Thursday 10 November 2005

Grammar Nerds

This is actually a post that I had drafted some time ago, but never published because I couldn't muster the courage... until today, when MetroDad inspired me by coming clean as a grammar nerd.

Hello. My name is David, and I am a Grammar Nerd.

It started as a child, when my big sister Alison graciously offered to edit the articles I had drafted for my school newspaper (my sisters taught me 80% of everything I learned before college). Unfortunately, Alison's journalistic talents failed to rub off on me, but I easily absorbed the more mathematical elements of her English writing lessons--the rules of grammar. I suppose I got carried away, having failed to appreciate how unusually high a bar my sister had set for me (she hadn't yet become the star New York Times investigative reporter that she is today). Further compelled by a rather unhealthy obsession to score 800 on my English Achievement Exam, I proceeded to master English linguistics, naively overestimating the necessity, utility, and appeal of perfect grammar. Sadly, proper usage of the subjunctive tense (e.g. "If I Were A Rich Man...") never scored me a date.

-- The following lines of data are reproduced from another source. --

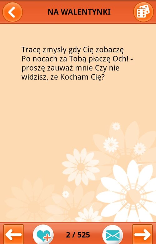 Życzenia Walentynkowe znajdziemy aż na 11-stu stronach, co jest bardzo dużą zaletą appki (co najmniej 525 gotowych tekstów w jednym programie). Wystarczy znaleźć ikonkę koperty (na dole strony) i wybrać sposób przesłania wiadomości ukochanej osobie (Bluetooth, E-mail, Gmail… albo najprościej w formie SMS).
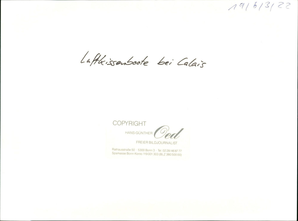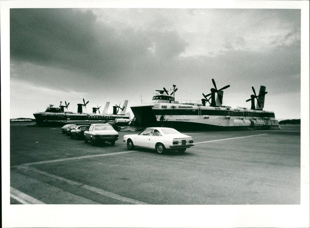 The picture shows two hovercraft near Calais. In the foreground is a Seaspeed hovercraft. Das Foto zeigt die Luftkissenboote der Reedereien Hoverlloyd (im Hintergrund) und Seaspeed (vorne), die die Ärmelkanalroute zwischen England und Frankreich befahren.
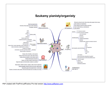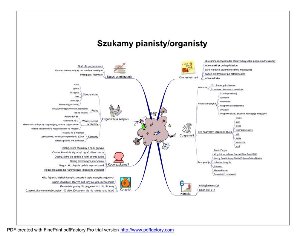 Szukamy pianisty/organisty Zbieranina różnych ludzi, którzy lubią sobie pograć różne rzeczy jeden elektryk po trzydziestce Grać dla przyjemności dwie nieletnie uczennice szkoły muzycznej Koncerty mniej więcej raz na dwa miesiące Przeglądy, festiwale dwóch elektroników po czterdziestce Nasze zamierzenia Kim jesteśmy? jedna aktorka vocal materiał gitara skrzypce bas 12-15 własnych utworów 5 coverów nieznanych kawałków dużo improwizacji Obecny skład polimetrie perkusja charakterystyka klawisze (gościnnie) w wytłumionej piwnicy w Katowicach raz na tydzień multimetrie nietypowe akcentowania stylizacje Próby nietypowe skale, złożenia, koncepcje muzyczne Roland EP-85 Hammond XB-2 własny mikser i sprzęt nagrywający, własne nagłośnienie Własny sprzęt w piwnicy fusion Organizacja zespołu jazz blues własne instrumenty z nagłośnieniem na miejscu styl muzyczny: jazz-rock-blues 1 występ na 2 miesiące Leśniczówka, inne kluby w promieniu 200km Co gramy? Koncerty folk funky Własna publika w Katowicach klasyczna soul Osobę, która chciałaby z nami grywać Frank Zappa Osobę, która lubi się uczyć i grać różne rzeczy King Crimson/Peter Gabriel/Pink Floyd/ELP Osobę, która się będzie z nami dobrze czuła Kenny Burell/Jimmy Smith/Coltrane/Miles Davies Osobę tolerancyjną muzycznie Kogoś, kto chętnie będzie improwizował rock/ progressive fascynacje Kogo szukamy? John Mc Laughlin Clannad Kogoś kto zagra na Hammondzie i będzie to uwielbiał Maceo Parker Strawiński/Lutosławski Kilku fajnych, bliskich kumpli z zespołu i setka nowych znajomych Granie kawałków, których nikt inny nie gra, niezła nauka [email protected] Generalnie gramy dla przyjemności, nie dla kasy Czasem z koncertu może zostać 100 albo 200 złotych ale nie należy na to liczyć Korzyści 0/601 669 717 Kontakt PDF created with FinePrint pdfFactory Pro trial version http://www.pdffactory.com
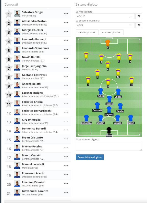 Attenzione: la modifica dei giocatori direttamente dal campetto grafico non permette il corretto salvataggio dei dati. Il grafico con i giocatori infatti non registra né aggiorna le statistiche, ma è solo un'interfaccia grafica che ti permette di personalizzare a livello "visivo" la disposizione dei giocatori in campo.
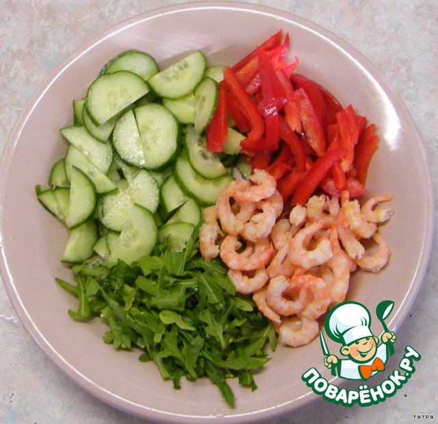 Салат из огурцов, руколлы, креветок
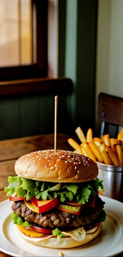 Tantalize your taste buds with this high-resolution mobile wallpaper featuring a delicious burger and crispy fries, perfect for food lovers and culinary enthusiasts seeking mouth-watering inspiration on their screens
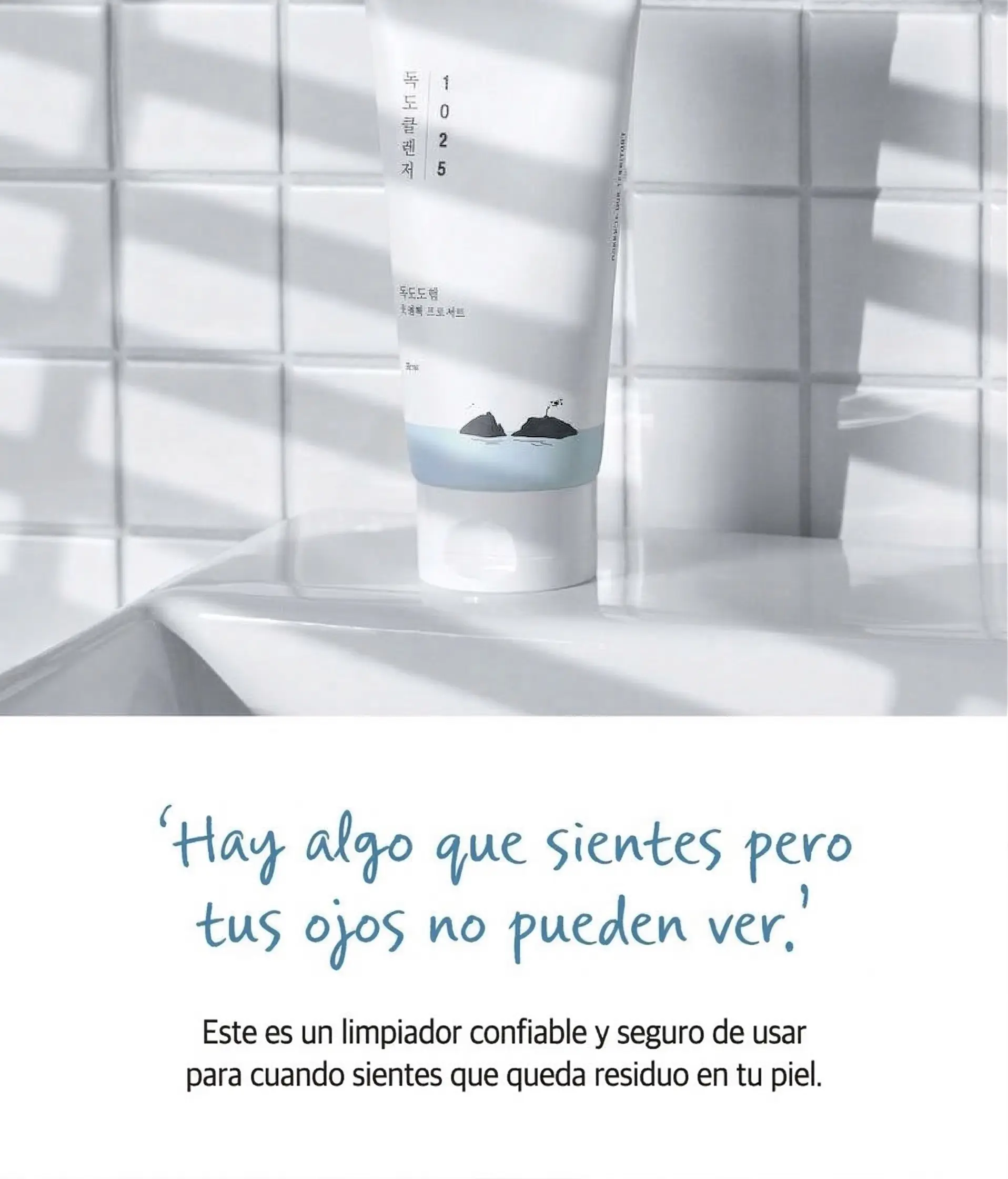 Si buscas un limpiador facial coreano que limpie bien pero se sienta más amable con la piel, el ROUND LAB 1025 Dokdo Cleanser es una de las opciones más completas para una rutina diaria. La marca lo describe como un limpiador ligeramente ácido con pH 5.0–6.0, textura densa de crema a espuma y enfoque en purificar la piel sin sobre resecarla. También afirma que ayuda a retirar impurezas, exceso de sebo y residuos, mientras contribuye a mantener un equilibrio saludable de humedad.
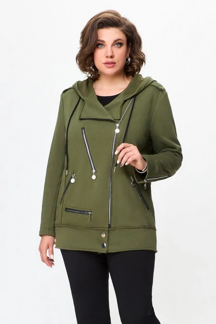 Куртка женская из хлопкового трикотажного полотна прямого силуэта, слегка зауженная к низу. Застежка ассиметричная на молнию с лацканами. Горловина с капюшоном на кулисе. По переду два прорезных кармана на молнии и две декоративные молнии. Боковая деталь переходит в рельефы по переду и спинке. По низу куртки притачной пояс с застежкой на две петли и пуговицы. По спинке кокетка. Рукав втачной длинный, двухшовный с застежкой молнией по низу. Нижние срезы куртки, кокетки, срезы рельефов и рукавов не обработаны. Куртка без подкладки.
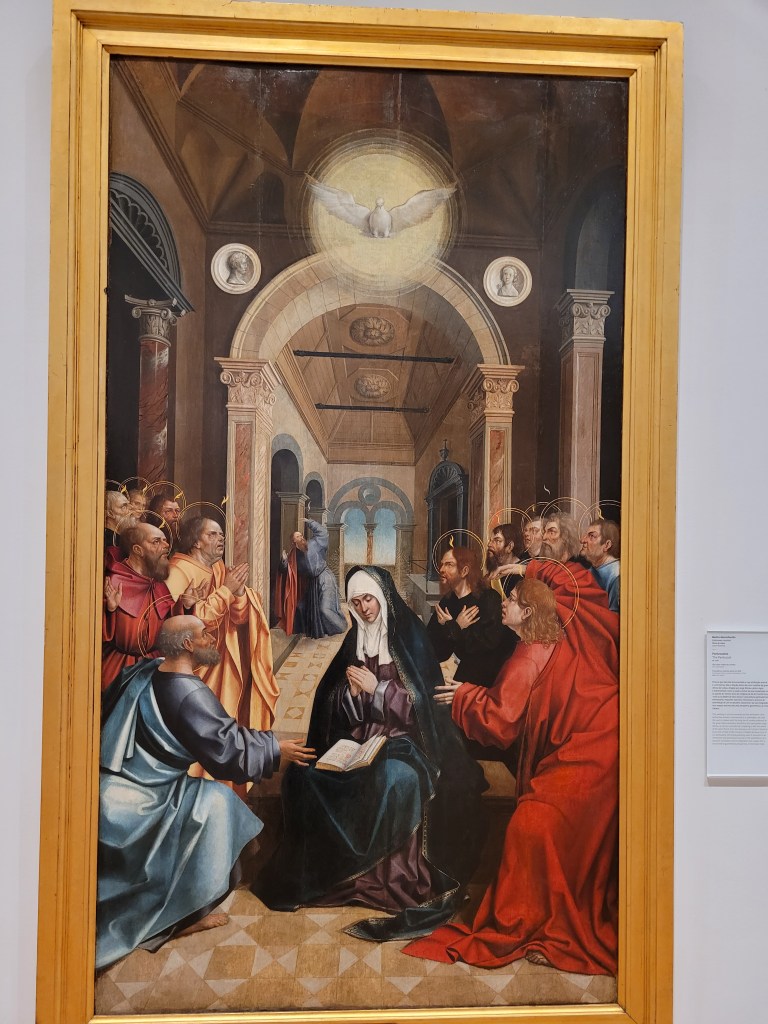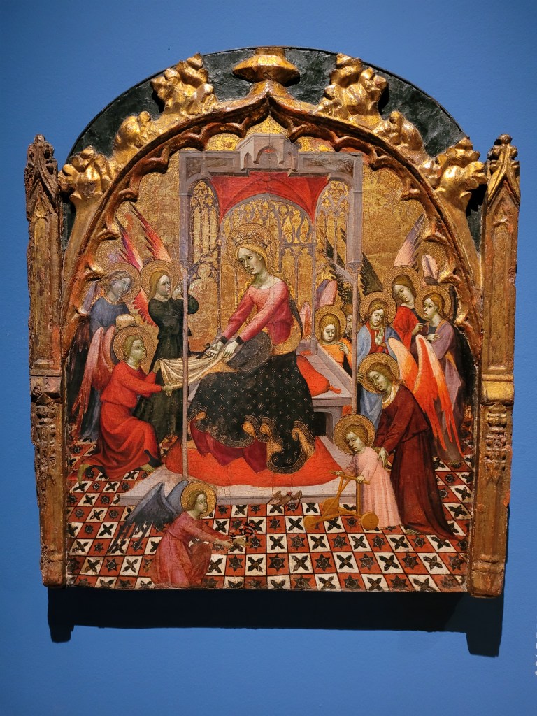 Az időszaki kiállítás nem árult zsákbamacskát (az állandó és az időszaki kiállítás értékkülönbsége kerek két eurót tett ki, így természetesen azt sem hagytam ki). Az első teremben rögtön kiderült, hogy itt bizony 14-15. századi oltárképek kiállításába csöppentem. És most ne az olasz mesterek profi kezei alól kikerülő munkákra gondoljatok, hanem olyan alkotásokra, amin már az örömkönnyeket csalt a szemembe, ha volt perspektíva a képen, és ha a felirat szerinti szentre legalább minimálisan hasonlított a képen megjelenő alak.
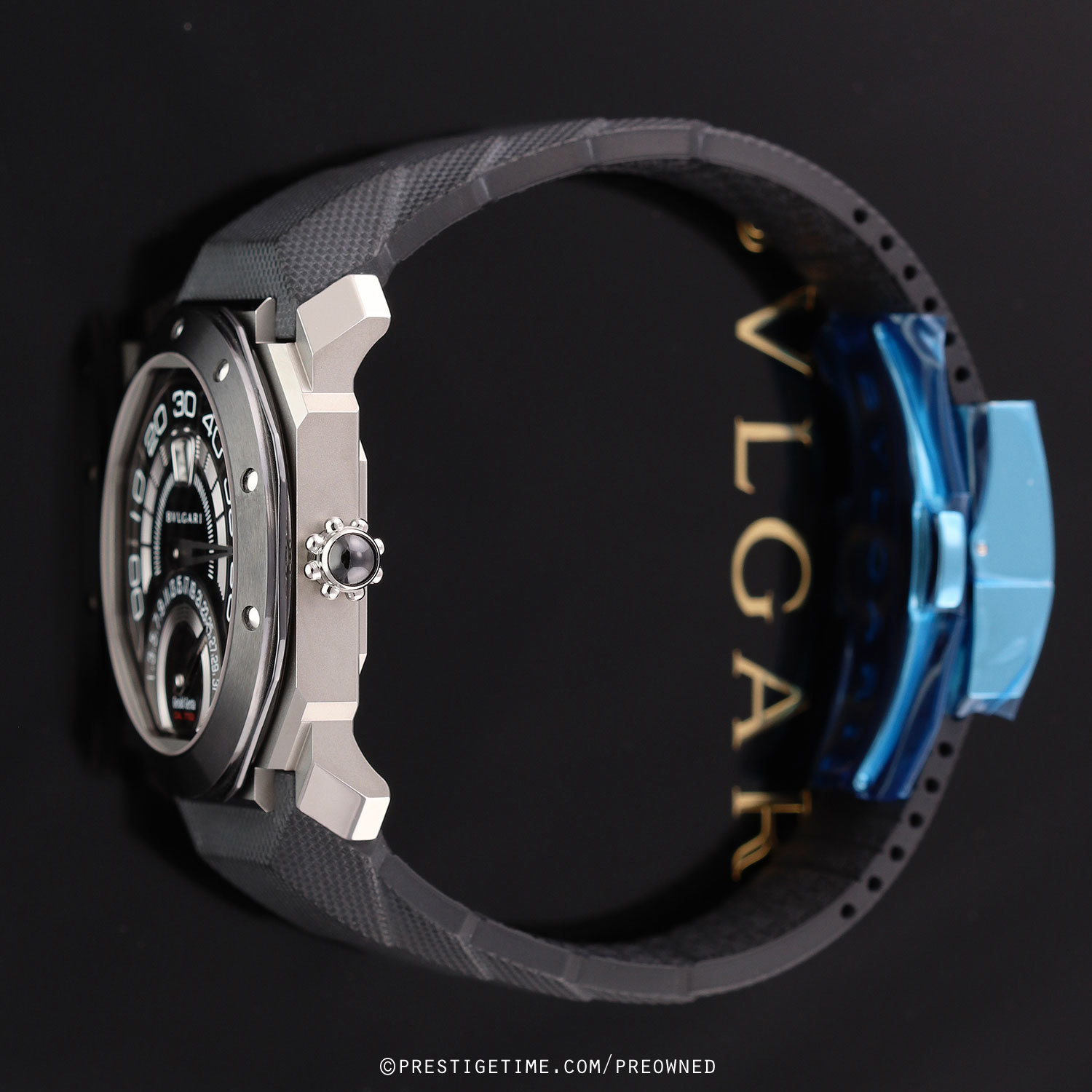 Strap: Fitted on its BVLGARI original black rubber strap with a stainless steel push-button deployant buckle. The strap is brand new & unworn. The strap is uncut at its full length, fitting up to an 8.25" wrist, it would most likely need to be cut down to size.
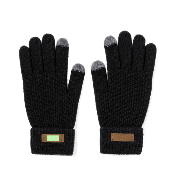 Practical pair of gloves for touchscreen devices. Made of RPET warm and soft polyester. Touch function on index finger and thumb. One size fits al for adults, with RPET label.RPET material is made from recycled plastic, thus promoting the reuse of plastic waste and helping the sustainability of the planet.
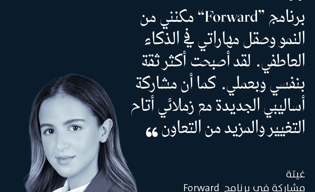 • تم تصميم برنامج “فورورد” لرصد الاحتياجات من مصادرها وتمكين الجيل القادم من المواهب بالمهارات الضرورية الأكثر طلباً في بيئات العمل حاضراً ومستقبلاً، بما في ذلك التكيف والمرونة، وابتكار الحلول، والمهارات الاجتماعية، والذكاء العاطفي، والطرق الجديدة للعمل والتفكير في عالم رقمي متسارع.
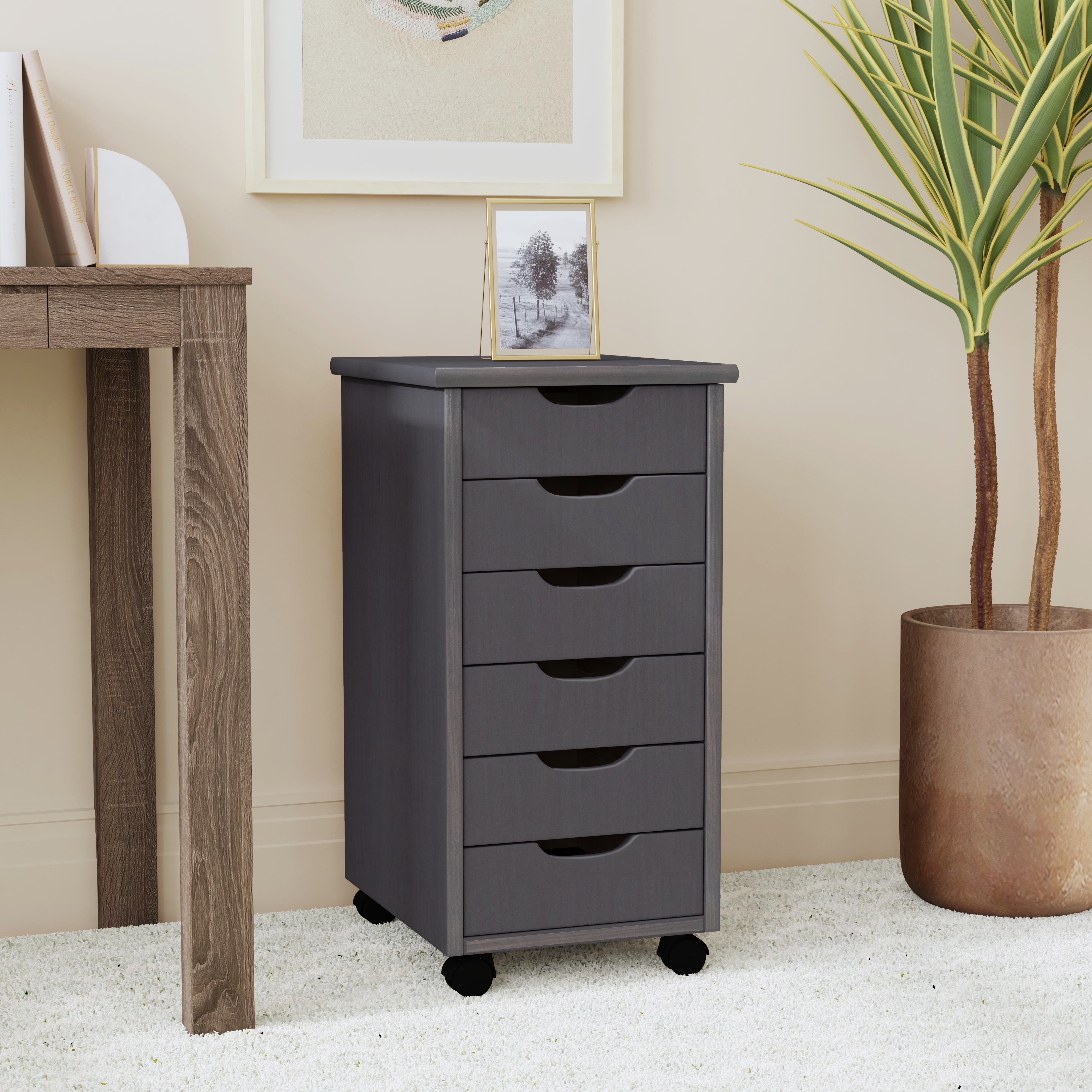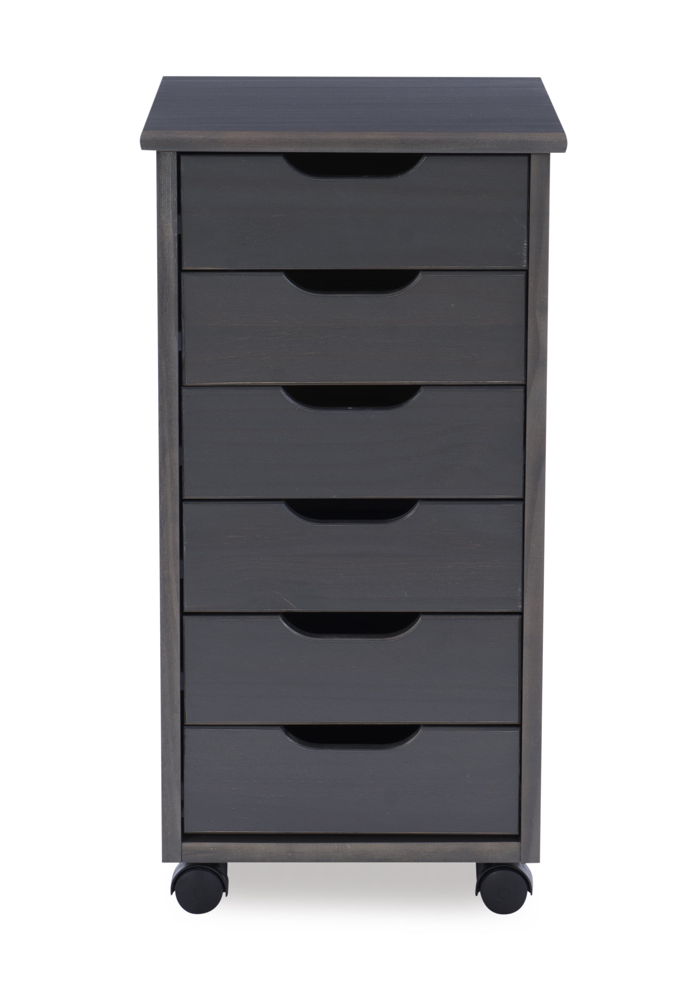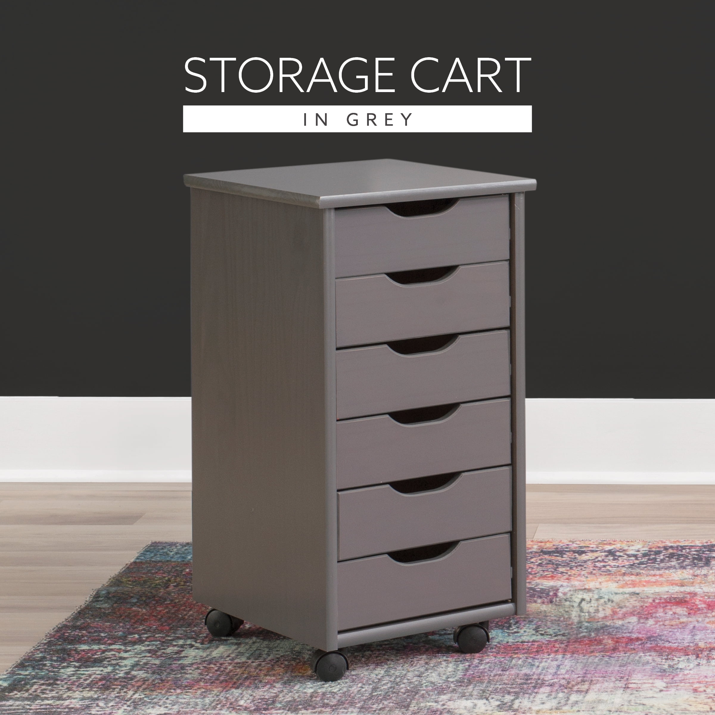 Linon Cary Six Drawer Rolling Storage Cart, Gray Finish

Today I resign myself to the chronic nature of my disorder. I recognize grammatical mistakes in every conversation, and in most things that I read (except, of course, Alison's articles). The errors jar me. In fact, if you wish to hurt me, mis-conjugate the form of be, conjoin unparallel syntactic elements, or apply participial phrases to the object of a sentence (as in, "Filled with bad gas, he drove his car despite the knocking sound").

But no linguistic offense grates me more than hypercorrection--the growing epidemic of grammatical errors motivated by desire to flaunt superior English proficiency. Some examples of hypercorrection have proved particularly contagious:

"They met with Fred and I for an hour."

You wouldn't say that they met with I, so why say that they met with Fred and I? The misuse of subjective pronouns following prepositions is the most common hypercorrection.

"I need to pay whomever went shopping for us."

The less pretentious "whoever" is actually correct here. This one's a little confusing because, indeed, it is obviously fine to say "I need to pay him." But the object of the sentence is more than just "whomever" so the proper substitution is: "I need to pay he who went shopping for us."

"Are you still feeling badly today?"
"No, I'm feeling good, thank you."

The question, not the answer, is incorrect. We use adjectives, not adverbs, to describe the subjects of sentences with linking verbs (e.g. be, seem, taste, feel, smell, look). If you feel bad, then you are ill, but if you feel badly, then you are just numb.

If you share my affliction, I offer only one message of consolation: it's okay to correct my grammar--I actually like it!

But if you're not like me, you have probably concluded by now that I am just an asshole. You see my problem here. As a venture capitalist, I've already got two strikes against me, and grammatical snobbery hardly helps!